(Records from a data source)
▼▼▼

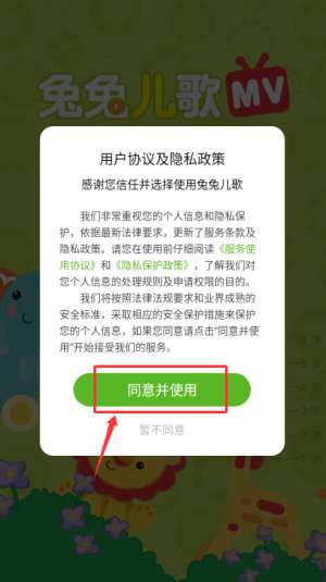 1、在兔兔儿歌APP中点击“同意并使用”,进入程序主界面。
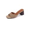 Krazing Pot Lammfell Wildleder Pantoletten Sommer Größe 40 Hausschuhe für Draußen Flip Flops Dicke Hohe Absätze Damen Peeptoe Sandalen
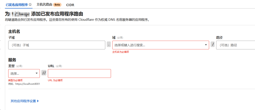 在创建并安装完成隧道后我们就可以绑定域名了,在此界面下填写你想要访问的域名以及内网的服务域名
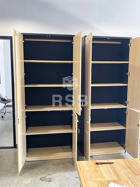 ลูกค้าหน้างานนี้ต้องการตู้เอกสารสูงแบบบานเปิด ได้เลือกใช้เป็นตู้เอกสารสูง 5 ชั้น รหัสสินค้า 995 ภายในมีแผ่นชั้น 5 แผ่น ตู้ปิดด้วยเมลามีนเกรด A ลูกค้าเลือกเฉพาะหน้าบานเปิดสีเมเปิ้ล และส่วนอื่นเลือกเป็นสีดำค่ะ
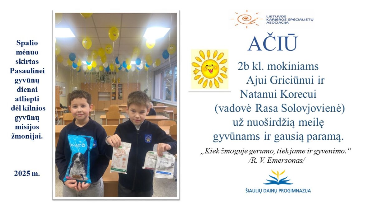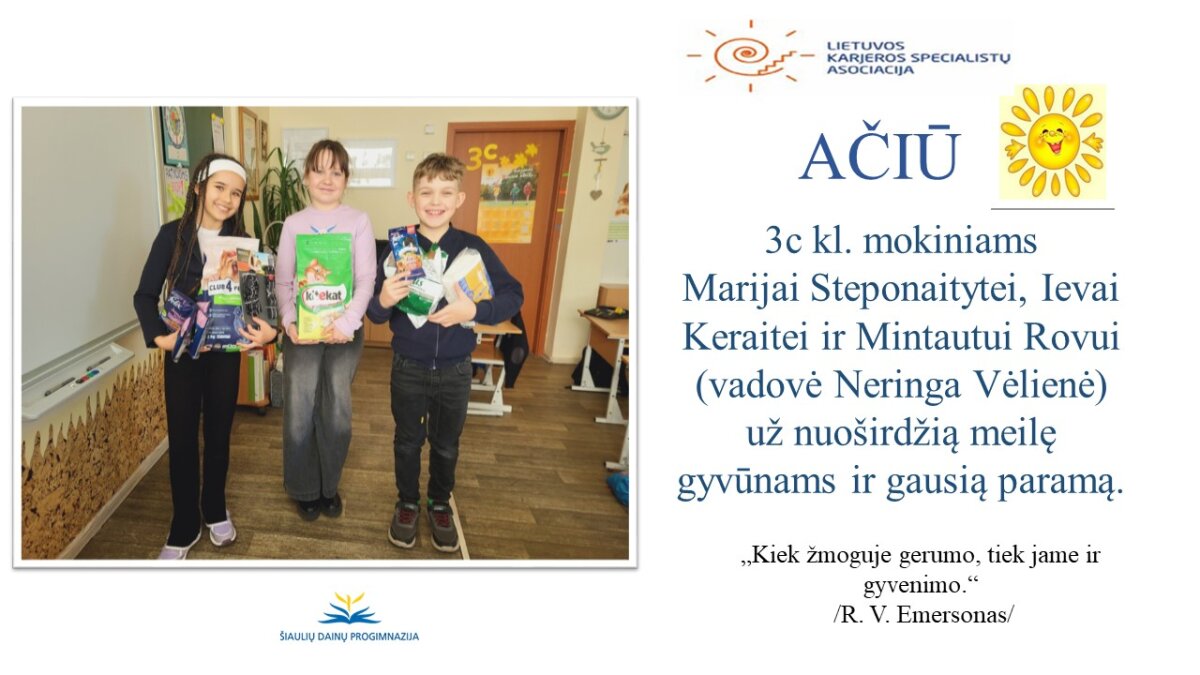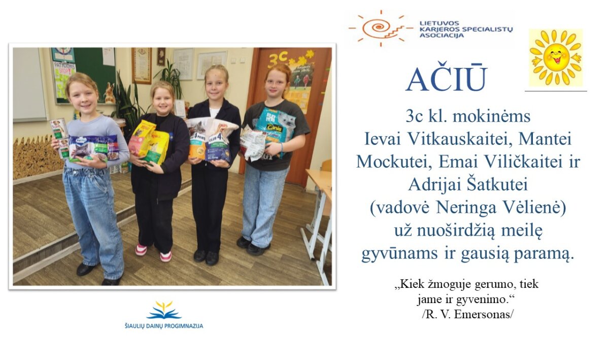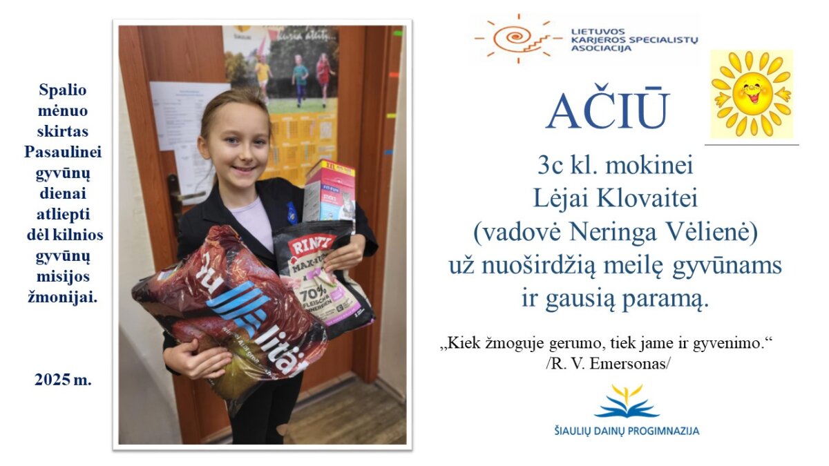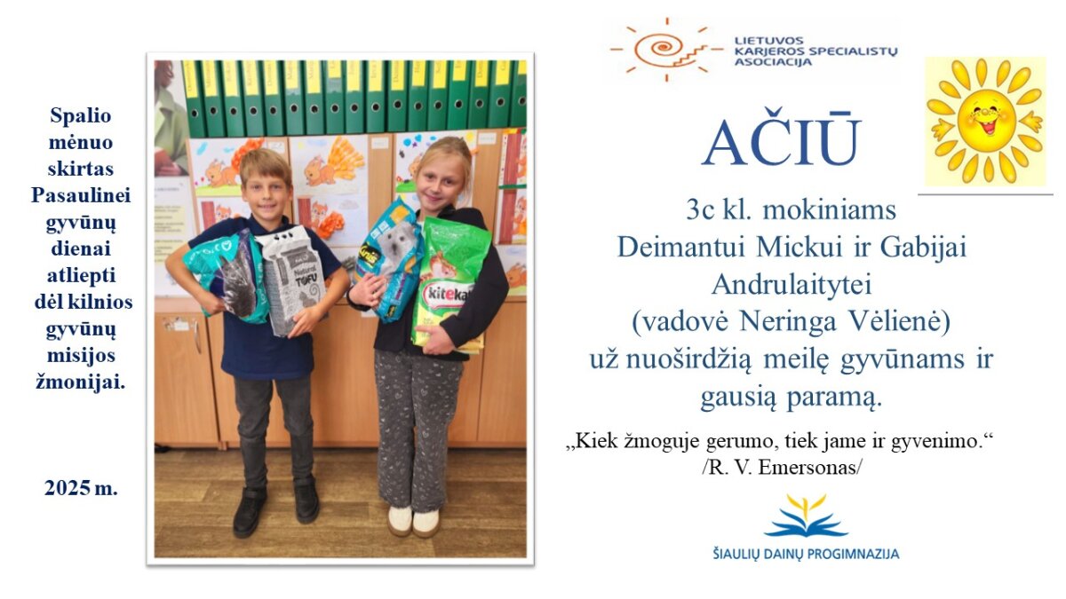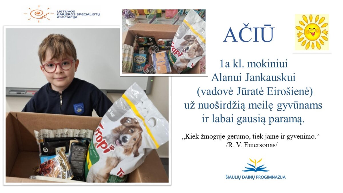 VšĮ „Binada“ steigėja Adelė Levanienė taria stipriausią AČIŪ kiekvienam Dainų progimnazijos bendruomenės nariui: mokiniui, tėveliui, mokytojui, klasės vadovui, administracijos nariui už dovanotą gerbūvį ir šilumą paliktiems gyvūnams. Te gerumas klesti ir vienija visą pasaulį.
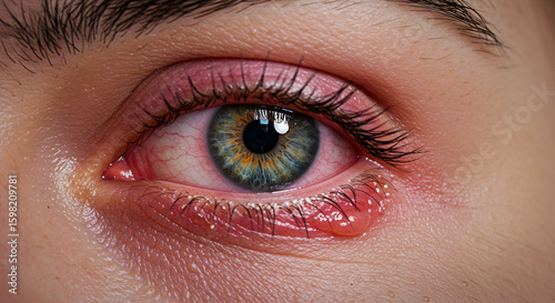 Bacterial conjunctivitis with swollen eyelids and ocular discharge

▲▲▲

§ TASK GOAL
Produce the entries again, word for word, without any of their pictures.

§ RESPONSE BELOW
 1、在兔兔儿歌APP中点击“同意并使用”,进入程序主界面。
 Krazing Pot Lammfell Wildleder Pantoletten Sommer Größe 40 Hausschuhe für Draußen Flip Flops Dicke Hohe Absätze Damen Peeptoe Sandalen
 在创建并安装完成隧道后我们就可以绑定域名了,在此界面下填写你想要访问的域名以及内网的服务域名
 ลูกค้าหน้างานนี้ต้องการตู้เอกสารสูงแบบบานเปิด ได้เลือกใช้เป็นตู้เอกสารสูง 5 ชั้น รหัสสินค้า 995 ภายในมีแผ่นชั้น 5 แผ่น ตู้ปิดด้วยเมลามีนเกรด A ลูกค้าเลือกเฉพาะหน้าบานเปิดสีเมเปิ้ล และส่วนอื่นเลือกเป็นสีดำค่ะ
 VšĮ „Binada“ steigėja Adelė Levanienė taria stipriausią AČIŪ kiekvienam Dainų progimnazijos bendruomenės nariui: mokiniui, tėveliui, mokytojui, klasės vadovui, administracijos nariui už dovanotą gerbūvį ir šilumą paliktiems gyvūnams. Te gerumas klesti ir vienija visą pasaulį.
 Bacterial conjunctivitis with swollen eyelids and ocular discharge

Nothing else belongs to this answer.